Today, I've been playing a bit more with Miller, specifically grouping and sorting, so I can get a more fine-grained picture of query response, with the tuning noted above in place.

for f in solr.log; do echo "Processing $f..."; grep search $f | sed 's/.*} //' | mlr --repifs --ifs space stats1 -a min,mode,mean,stddev,max -f QTime -g hits then sort -nr hits; echo; echo; done

Which gets me lots of info like this (grouping by hits, reverse-sorting by hits):

hits=18383,QTime_min=5.000000,QTime_mode=5,QTime_mean=5.000000,QTime_stddev=,QTime_max=5.000000 hits=18283,QTime_min=3.000000,QTime_mode=8,QTime_mean=40.402174,QTime_stddev=42.019111,QTime_max=137.000000 hits=18282,QTime_min=2.000000,QTime_mode=6,QTime_mean=18.181592,QTime_stddev=41.169189,QTime_max=577.000000 hits=17403,QTime_min=6.000000,QTime_mode=184,QTime_mean=501.666667,QTime_stddev=816.713577,QTime_max=2068.000000 hits=17043,QTime_min=1.000000,QTime_mode=4,QTime_mean=3.711864,QTime_stddev=1.712538,QTime_max=9.000000 hits=17042,QTime_min=1.000000,QTime_mode=2,QTime_mean=2.278986,QTime_stddev=1.984960,QTime_max=29.000000 hits=17025,QTime_min=1.000000,QTime_mode=2,QTime_mean=3.378571,QTime_stddev=1.990871,QTime_max=11.000000 hits=17024,QTime_min=1.000000,QTime_mode=2,QTime_mean=2.060000,QTime_stddev=1.228379,QTime_max=14.000000 hits=15436,QTime_min=2.000000,QTime_mode=3,QTime_mean=20.684211,QTime_stddev=40.519906,QTime_max=235.000000 hits=14999,QTime_min=5.000000,QTime_mode=6,QTime_mean=8.500000,QTime_stddev=5.686241,QTime_max=17.000000 hits=14878,QTime_min=4.000000,QTime_mode=5,QTime_mean=18.888889,QTime_stddev=25.852681,QTime_max=78.000000 hits=14868,QTime_min=3.000000,QTime_mode=3,QTime_mean=3.750000,QTime_stddev=1.164965,QTime_max=6.000000 hits=11165,QTime_min=7.000000,QTime_mode=7,QTime_mean=490.000000,QTime_stddev=667.476142,QTime_max=1533.000000

I can then see that there might be certain queries that are taking an unusually long time (mode of 184, minimum of 6). I will see if I can find out what that query is and why it's taking so long.

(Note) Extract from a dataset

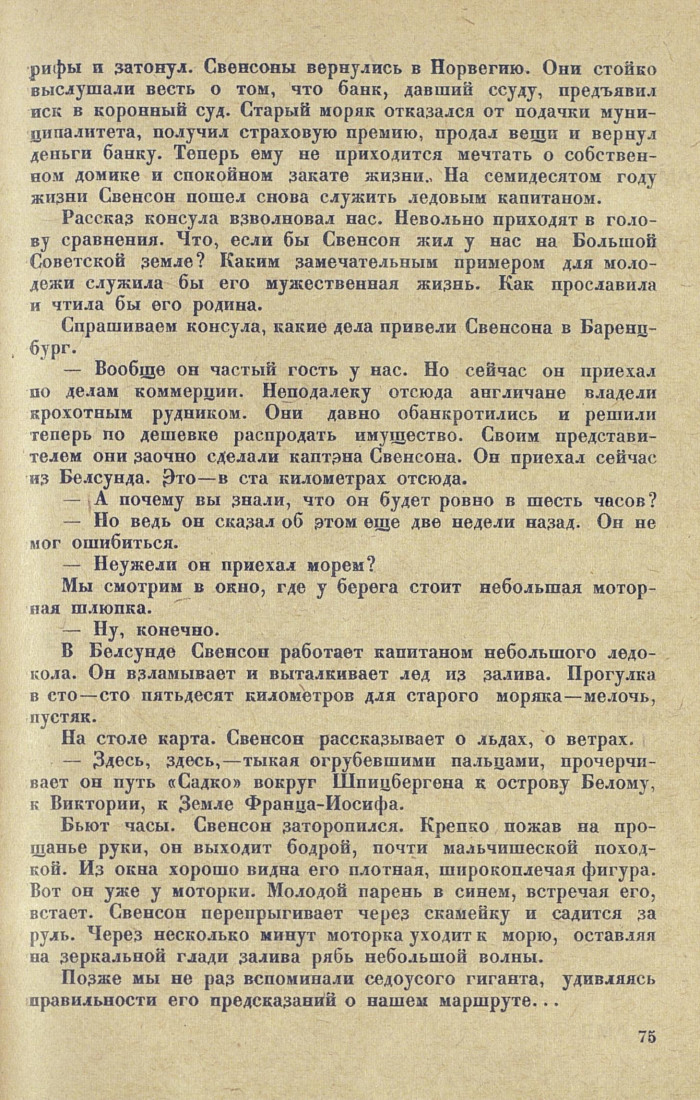 — Ему семьдесят два года. Полвека он отдал плаванию в северных морях. Трудно найти лучшего знатока извилистых фиордов Шпицбергена. Свенсон был матросом, боцманом, ледовым капитаном. Его знает вся Норвегия. Он был участником экспедиции Амундсена и Нансена, прославивших норвежский народ.

Oh, I should note that John Kerl, the developer of Miller, is right now asking for people to make suggestions for his FAQ page. Miller is awesome, if you have a text parsing or data analysis task you think Miller might be just the tool for, post your challenge to that issue. Someone might help you answer your question.

10/28/2015 UPDATE: it was brought to my attention that the Lucene folks have posted a rather amusing warning against using the G1GC garbage collector and similarly, the Elastic Search folks have done the same (though it's likely just an echo of the Lucene warning). Now, I don't know what to make of this, but I do know that search performance has measurably increased since switching to the G1GC. For now, I think I will choose to quietly worry.